Sinfonia Espansiva - Carl Nielsen


You cannot listen to Nielsen and not become a better person for it. This is one of the most humane symphonies. The first few notes hold you spellbound. Great hammer blows from the whole orchestra, abrupt and jolting like pokes of fortissimo that come as a shock. There is an odd rhythmic pattern to them; yet, you cannot tell when the next turn is coming. Each feels like a thunderclap. The music springs to life taking form right before your ears. The music soars and expands. It is indeed 'Espansiva'. You are on a roller coaster that swings you from side to side so that you never know exactly where you are going. You only feel the excitement of the thrilling ride. This title represents Nielsen's genius at creating music that continually expands itself like a breathing organism, unpredictable and forever forward. The opening movement as I said earlier is friendly after the introductory percussion onslaught following which there is a distinct Danish flavoured theme that opens the bluff.

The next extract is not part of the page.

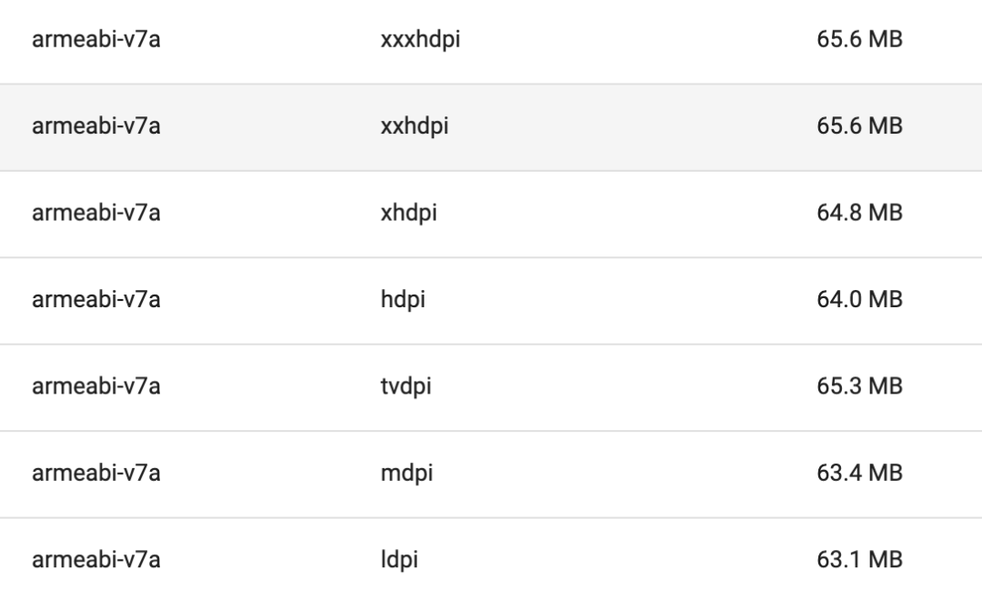 最终收益如图,公司内海外产品 TikTok 研发团队在使用该方案优化时,ldpi 相比 xxhdpi 减少了 2.5M 包大小。同时,低分辨率手机加载图片时直接加载对应 dpi 图片资源,不再需要对高分辨率图片进行缩放处理,提高了性能。

The second movement is a 'Pastorale'. Here, a tenor/baritone and a soprano thread through the instrumental patterns with pipe organ arpeggios in the background together with french horns, oboe and flute. The two soloists wordlessly intone an aura of landscape and panorama. The third movement is a neat scherzo with an opening statement on the french horns that concludes softly on the timpani, oboe and bassoon. The finale has a big, simple tune. More contrapuntal entries open up. The brass introduce an apocalyptic impulse into the continuity with a canon that is exotically harmonised with punctuated rhythms to end in a rapt climax. This recording is good with Schonwandt delivering a charged performance with the Danish National Radio Orchestra. The best performance of this symphony comes from Leonard Bernstein with the same orchestra and one of his early sixties' recordings with the New York Philharmonic.